[Extracted data entries]
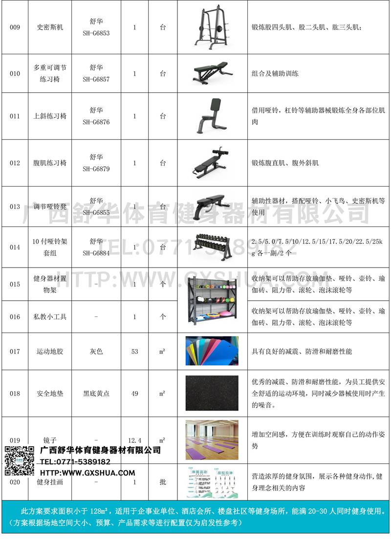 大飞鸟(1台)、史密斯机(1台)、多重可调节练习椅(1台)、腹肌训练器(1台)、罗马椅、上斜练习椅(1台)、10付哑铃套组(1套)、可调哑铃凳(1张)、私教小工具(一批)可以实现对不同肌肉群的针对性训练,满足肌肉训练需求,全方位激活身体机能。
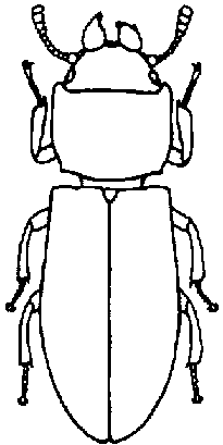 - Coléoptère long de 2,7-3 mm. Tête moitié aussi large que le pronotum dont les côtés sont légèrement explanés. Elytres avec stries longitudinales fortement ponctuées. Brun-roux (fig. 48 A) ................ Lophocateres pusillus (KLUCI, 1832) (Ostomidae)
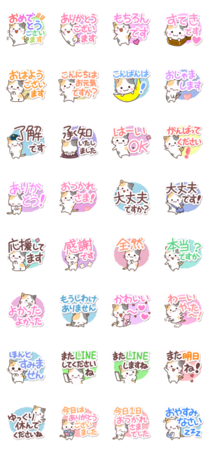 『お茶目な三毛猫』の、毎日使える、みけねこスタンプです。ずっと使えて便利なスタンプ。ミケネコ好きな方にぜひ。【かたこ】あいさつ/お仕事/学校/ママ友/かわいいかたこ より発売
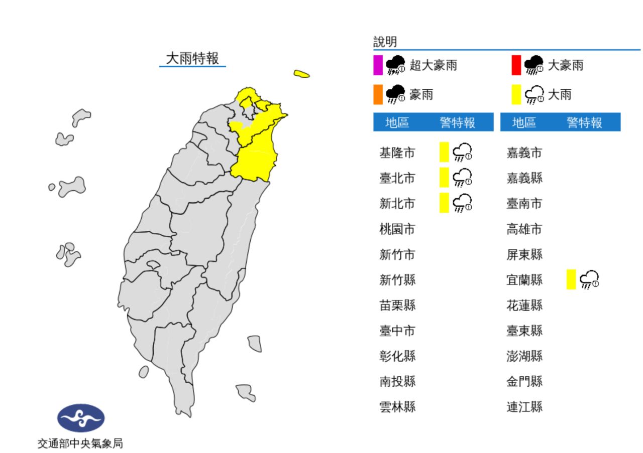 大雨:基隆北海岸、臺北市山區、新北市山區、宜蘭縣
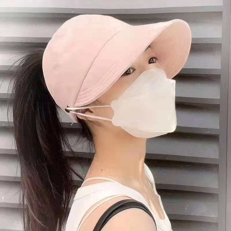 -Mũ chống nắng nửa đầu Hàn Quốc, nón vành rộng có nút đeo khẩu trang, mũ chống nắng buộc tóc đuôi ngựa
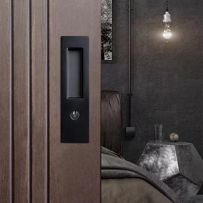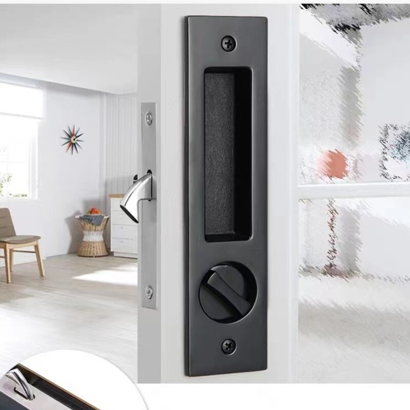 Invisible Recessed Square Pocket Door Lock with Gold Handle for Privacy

*What needs to be done*: Each record above needs to be retyped exactly, without any pictures.

*Written reply*:
 大飞鸟(1台)、史密斯机(1台)、多重可调节练习椅(1台)、腹肌训练器(1台)、罗马椅、上斜练习椅(1台)、10付哑铃套组(1套)、可调哑铃凳(1张)、私教小工具(一批)可以实现对不同肌肉群的针对性训练,满足肌肉训练需求,全方位激活身体机能。
 - Coléoptère long de 2,7-3 mm. Tête moitié aussi large que le pronotum dont les côtés sont légèrement explanés. Elytres avec stries longitudinales fortement ponctuées. Brun-roux (fig. 48 A) ................ Lophocateres pusillus (KLUCI, 1832) (Ostomidae)
 『お茶目な三毛猫』の、毎日使える、みけねこスタンプです。ずっと使えて便利なスタンプ。ミケネコ好きな方にぜひ。【かたこ】あいさつ/お仕事/学校/ママ友/かわいいかたこ より発売
 大雨:基隆北海岸、臺北市山區、新北市山區、宜蘭縣
 -Mũ chống nắng nửa đầu Hàn Quốc, nón vành rộng có nút đeo khẩu trang, mũ chống nắng buộc tóc đuôi ngựa
 Invisible Recessed Square Pocket Door Lock with Gold Handle for Privacy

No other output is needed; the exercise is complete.